Absolutely zero attempt at making sense of what the pieces of the puzzle are. This is basically the equivalent of a baby chewing on one of the pieces and drooling on the others.

It basically just reads as some attempt to promote biopsychosocial ideology, with fibromyalgia tucked in as an afterthought.

I don't get it, what is even the point of paying for this expensive process, then paying for employment, when this is the nonsense they do with it?
In my opinion, the author is a really helpful ally to fms sufferers.
He could very well be one of the key persons in the Hunt for medication that will finally bring relief to patients.

Considering the track record of the author, I think it's really not fair to put him as a promoter of non scientific BPS ideology.
It's quite the opposite, he's one of the few people searching for a biomedical cure.
And with the UCB Trial and the auto antibody studies, he has achieved more for the patients than almost all other people in the field.
 
In my opinion, the author is a really helpful ally to fms sufferers.
He could very well be one of the key persons in the Hunt for medication that will finally bring relief to patients.

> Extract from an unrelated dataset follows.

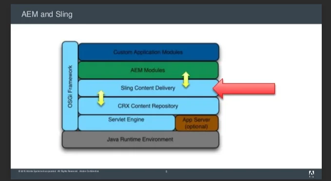 | JCR Assumes - Everything is content (Nodes) | Sling Assumes - Everything is Resource. Sling maintains a virtual tree of resources. |
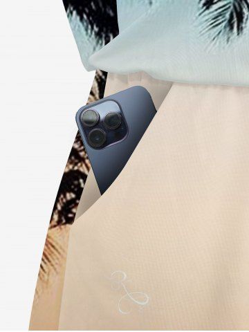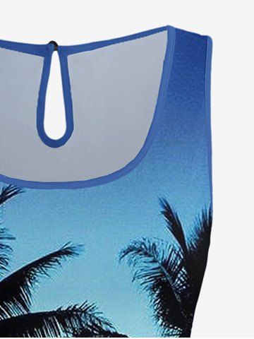 Combinaison hawaïenne grande taille à imprimé colorblock dégradé cocotier et taille haute - Bleu - Bleu

Considering the track record of the author, I think it's really not fair to put him as a promoter of non scientific BPS ideology.
It's quite the opposite, he's one of the few people searching for a biomedical cure.
And with the UCB Trial and the auto antibody studies, he has achieved more for the patients than almost all other people in the field.
I think we should take the actions for what they are: the current article contains completely unevidenced speculation about psychosocial factors. Therefore, he is currently promoting non-scientific BPS ideology, and he should be critiqued for it just as everyone else that does it.

It could also be argued that it’s even worse when it’s endorsed by them, because it normalises and legitimises it.